This is a project I worked on last semester and finished sometime around April 2010. I can’t actually ride a unicycle yet, but at least now I have one to practice with. I machined the fork structure, hub, and cranks.

homemade unicycle

The two round plates holding the spokes were cut from sheet metal and are screwed into the center cylinder. This cylinder along with both cranks are fixed to a half inch stainless steel axle ( no particular reason for stainless steel, I just happen to have it lying around). The two hex bolts in the center of the hub served as the set screws to the central axle. If I were to do this again, I would definitely pick another way of securing everything to this axle. There is simply too much torque involved. At this point, I have tightened the set screws down so much that the end of their threads are slightly mangled, so I would damage the threads in the hub if I ever took the screws out.

unicycle hub and cranks

The cranks are keyed and clamped to the axle. The key does not extend the full width of the crank, so it is not visible from the sides. Overall, this has been a very effective method in securing the cranks. For added aesthetics I machined some grooves with a ball-end mill. The corners were also rounded on a sander.

closeup of crank arm

The bearings are held in a block of metal between the crank and the hub. The bearing is barely pressed in, which is fine because there is not much force trying to push it out. To make it I started with a rectangular chunk, then turned the necessary features on a 4-jaw chuck.
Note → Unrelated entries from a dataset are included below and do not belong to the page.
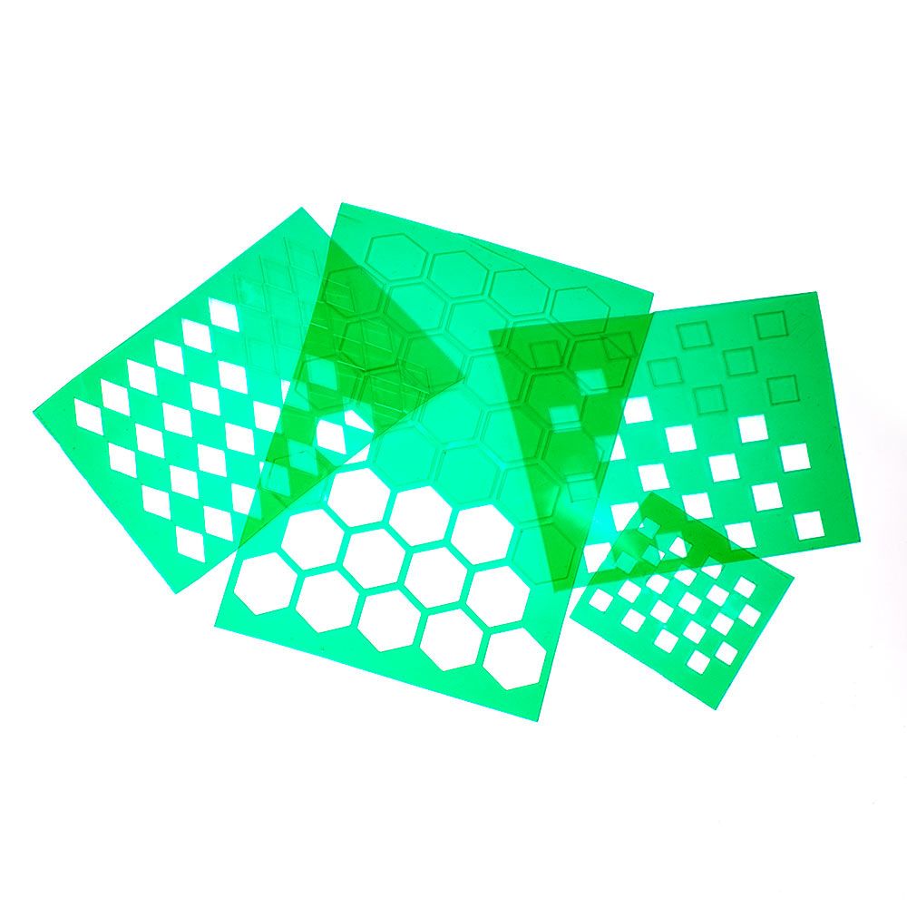 Данный трафарет станет незаменимым помощником при окрашивании террейна (масштабные строения и объекты на игровом поле) и техники в настольный играх и таких варгеймах как Warhammer, Infinity и многие другие. Узоры в виде чередующихся черно-белых клеток характерны для Орков (Orks), в виде ромбов характерны для Арлекинов (Harlequins), а в виде шестиугольников для Тау (Tau).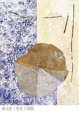 송수련은 이러한 한국인 특유의 정신을 바탕으로 하고 있으며, 작품에서 보이는 절제된 형식 역시 그러한 격을 드러내려는 고차원적 의도에서 비롯된 것이라고 해석된다. 그렇다면 그 절제된 형식 이면에 들어있는 풍요로움은 무엇일까? 이번 전시회에서 그녀는 작품에 연잎을 등장시켰다. 커다란 연잎을 잘 말려 화면에 접착하고, 그 위에 한지를 붙여 고정시켰다. ‘붙여 고정시켰다’는 표현보다는 ‘붙여졌다’라는 표현이 더 적합할지도 모를 정도로 그 밀착이 자연스럽다. 마치 오랜 시간의 풍화를 거친 화강암처럼 마른 연잎의 섬유질과 한지의 섬유질이 자연스럽게 얽혀져 있다. 사실 종이도 그 고향이 나무인지라 이들의 만남은 명절날 시골의 고향을 찾는 사람처럼 반가운 만남이다. 오랜만에 고향의 산천을 보게 되면 각박한 현실로 상처 난 마음이 위로되고 동심으로 돌아가듯이, 종이와 연잎의 만남은 어떤 목적으로 일시적으로 헤어져 서로 다른 것처럼 인식되어 왔던 것이 본래는 하나였다는 새삼스러운 사실을 환기시킨다.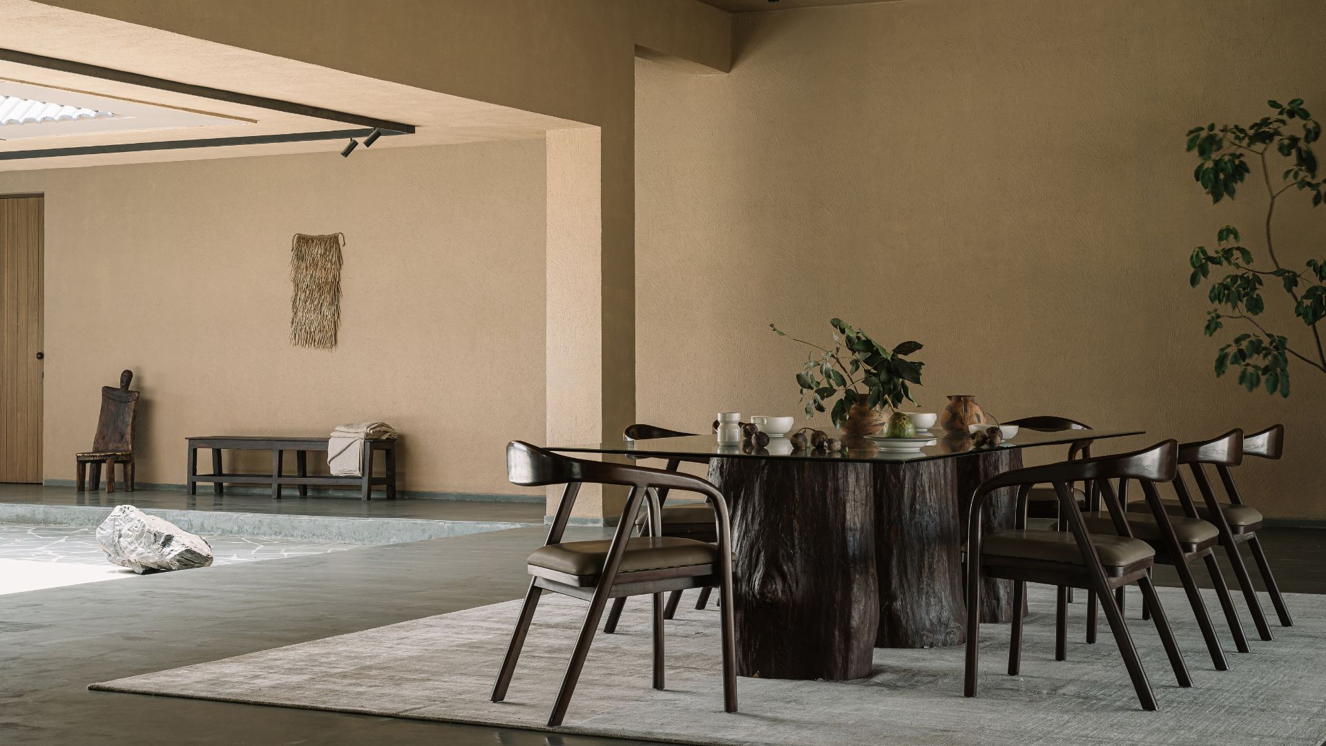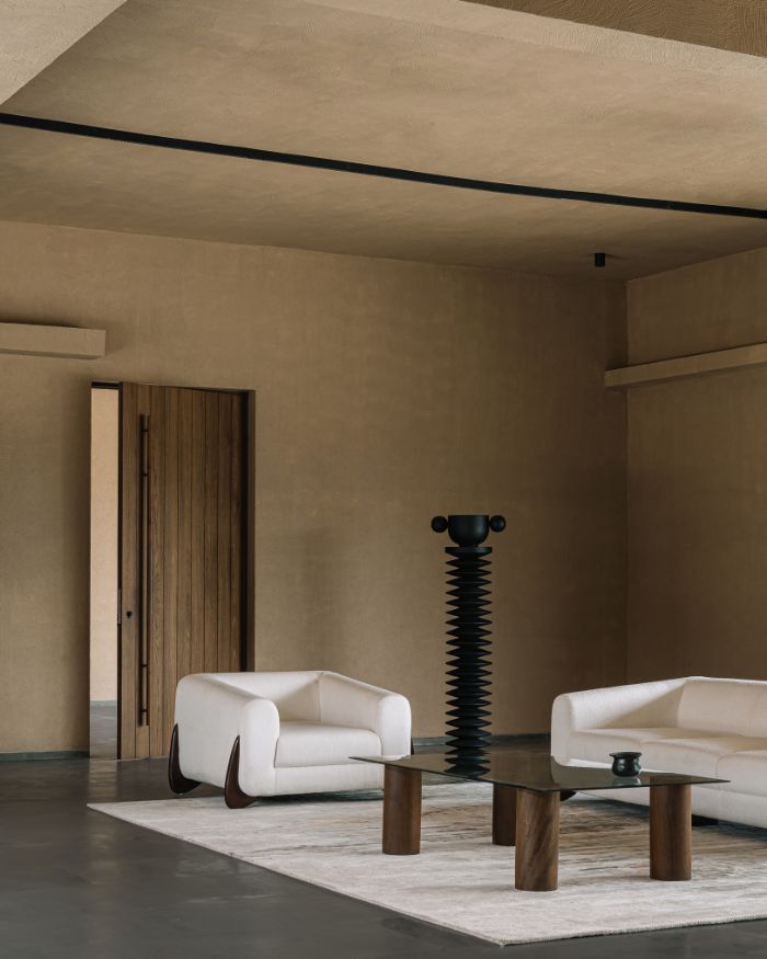The home embodies inspiration from early Chettinad style tropical houses. Hand-applied sand-textured walls are companions to the site’s soil tone. Rough-cut Kota stone mosaic flooring guides visitors across the home, intermingling from the outdoor tranquility to the embrace of a sanctuary inside. Warmth of natural wood exudes from the furniture and detailing in the doors, which makes a silent conversation with its traditional context. “The findings of understated contemporary language to striking traditional building materials lends purpose and character to the minimalist spaces and helps render a quaint aesthetic of erstwhile tropical houses,” say Jhanvi and Rakshit.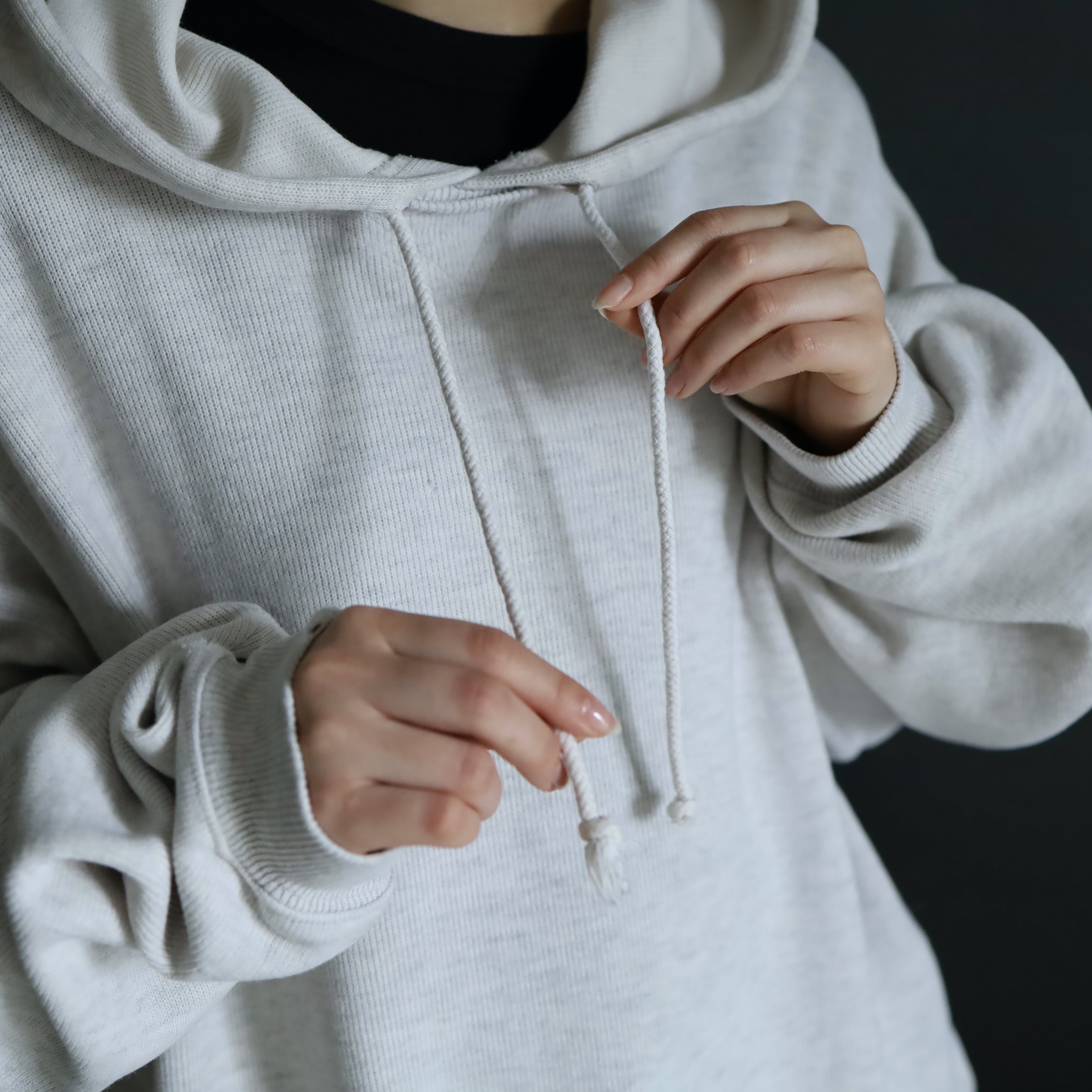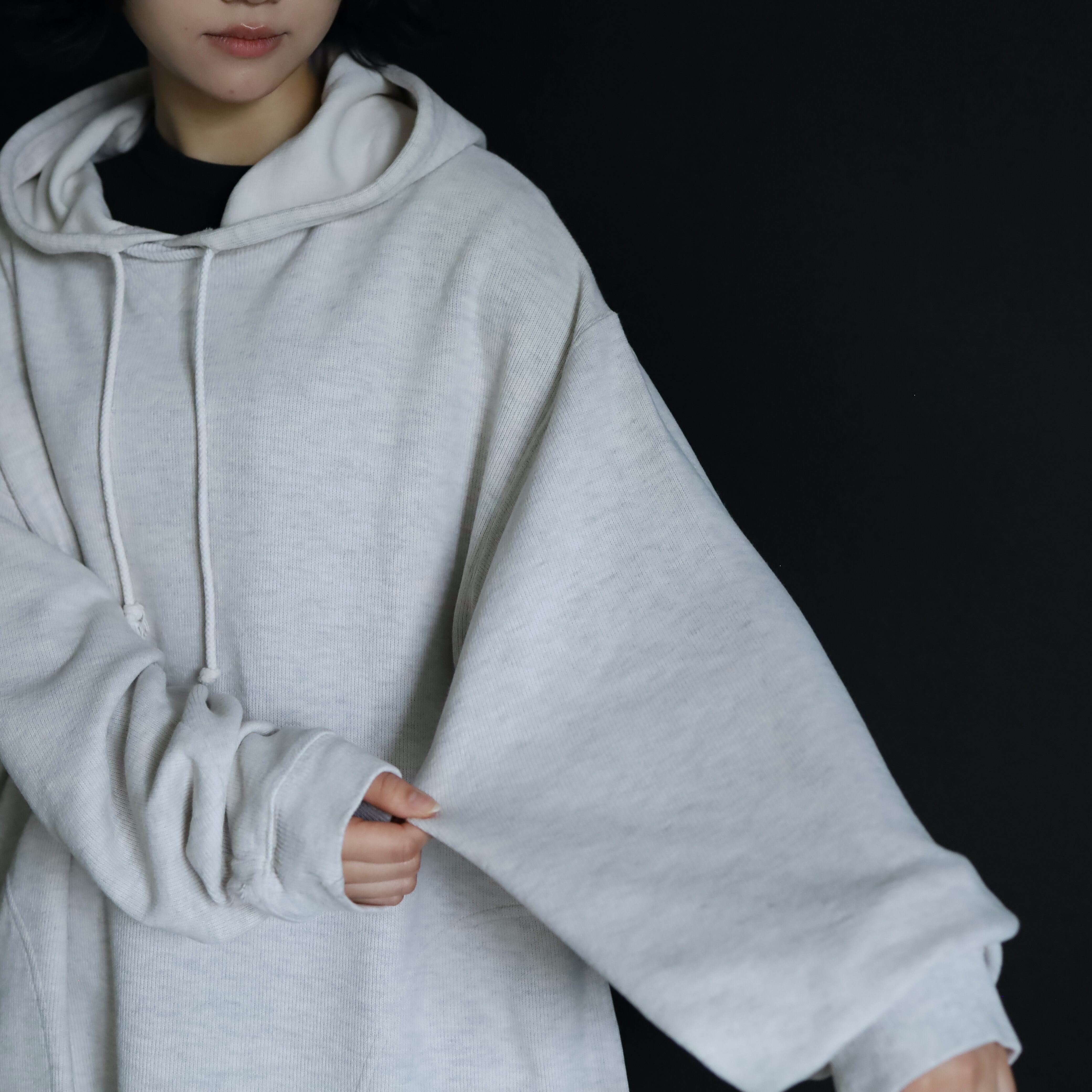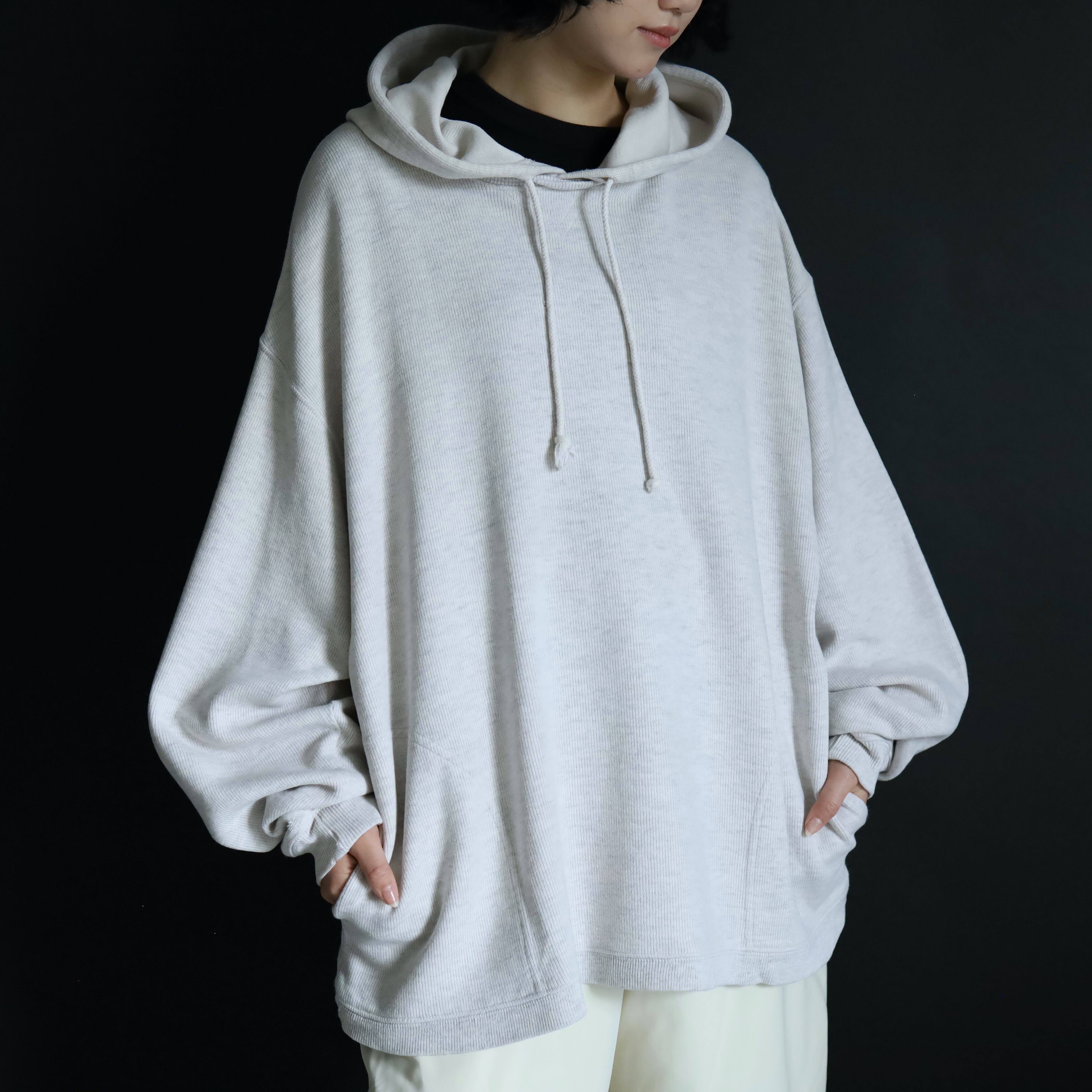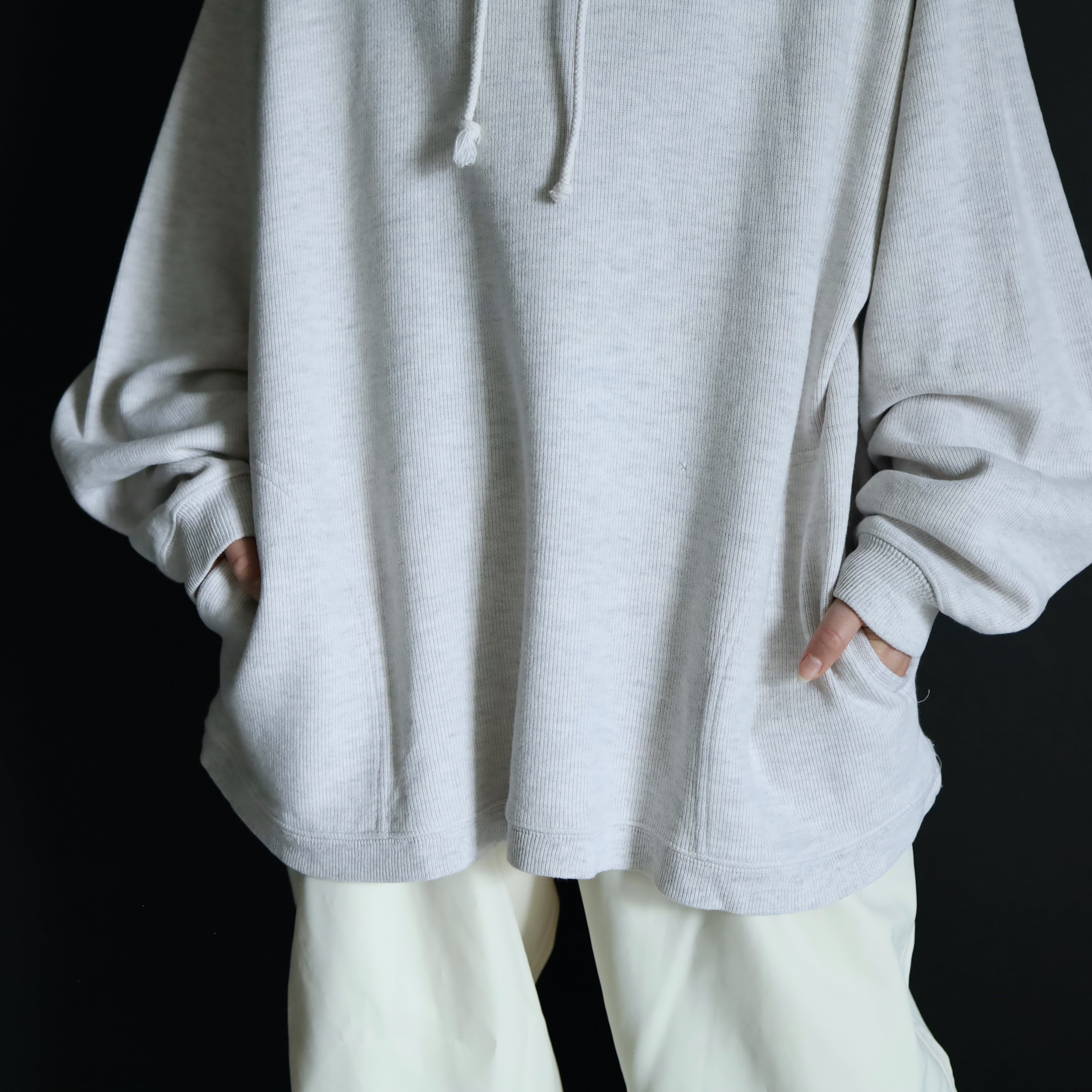 ニットソー生地によるプルオーバーパーカー.
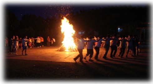 離開青山湖,大伙來到了西經(jīng)山。此山雖小,甚是難爬。其中,有一段168級的臺階,在山間繞了一圈,大伙兒滿頭大汗,有的衣服都濕透了,大家在半山腰休息,納涼。這時,天色已晚,工作人員將小廣場的火堆搭好,正在調(diào)試音響設(shè)備;啤酒小吃,自助燒烤也準(zhǔn)備就緒,工作人員在生炭火;師傅端上羊,指導(dǎo)我們烤全羊……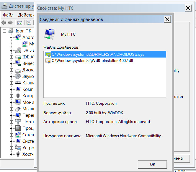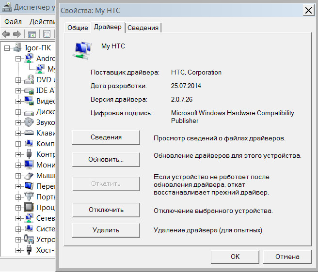 Планшет в диспетчере устройств (Win 7 максимальная) обозначен как Android USB Devices и - в подпапке - My HTC (см. скриншот). Естественно, подходящий драйвер установлен и не нуждается в обновлении.
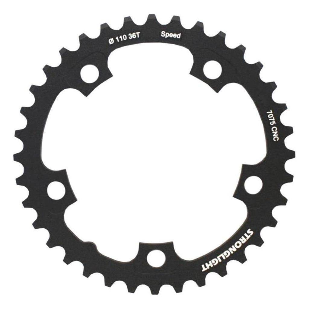 Het Stronglight kettingblad, Type S Zicral, is compatibel met Shimano, SRAM en FSA crankstellen en geschikt voor 9/10-speed aandrijvingen. Met een tandwielgrootte van 36T en een steek van 110 biedt het optimale prestaties en duurzaamheid. De zwarte kleur voegt een stijlvolle uitstraling toe aan je fiets.
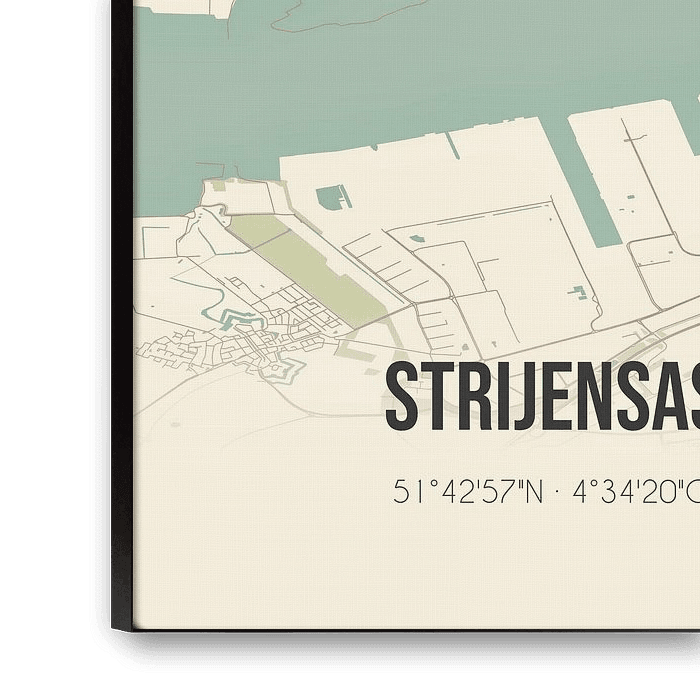 Retro map of Strijensas, located in the municipality of Hoeksche Waard, province of South Holland. The map shows public roads, watercourses (lakes, streams and ditches) and forests in and around Strijensas. In addition, the map contains the coordinates of Strijensas.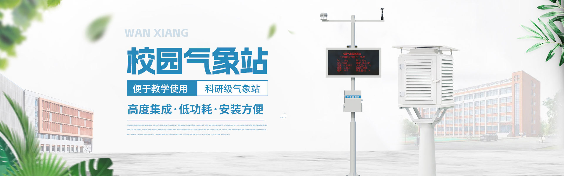 山東萬象環(huán)境科技有限公司官網(wǎng)主要產(chǎn)品有防爆氣象站,校園氣象站,農(nóng)業(yè)氣象站,負(fù)氧離子監(jiān)測(cè)站,超聲波氣象站,歡迎咨詢15666889815!

crank attachment, bearing block, and hub

The brackets that hold the frame tubes together were cut out on a water jet. The holes that hold the tube were then bored out, and the middle was slit with a slitting saw. There used to be posts sticking out on the rounded edges that made it easy to clamp and locate the part, but those were sanded off in the finishing process. Overall, this is an effective way of holding the tubes without welding.

brackets that hold the tubes together

The seatpost is a 1/8 inch piece of sheet metal attached to a tube using that aluminum solder stuff from McMaster. I even machined a step for the tube to sit in. But I think the surfaces weren’t clean enough, and so this joint eventually failed. Hopefully the next version will be welded together. ‘I need to learn to weld aluminum’ is becoming quite a recurring theme in my projects.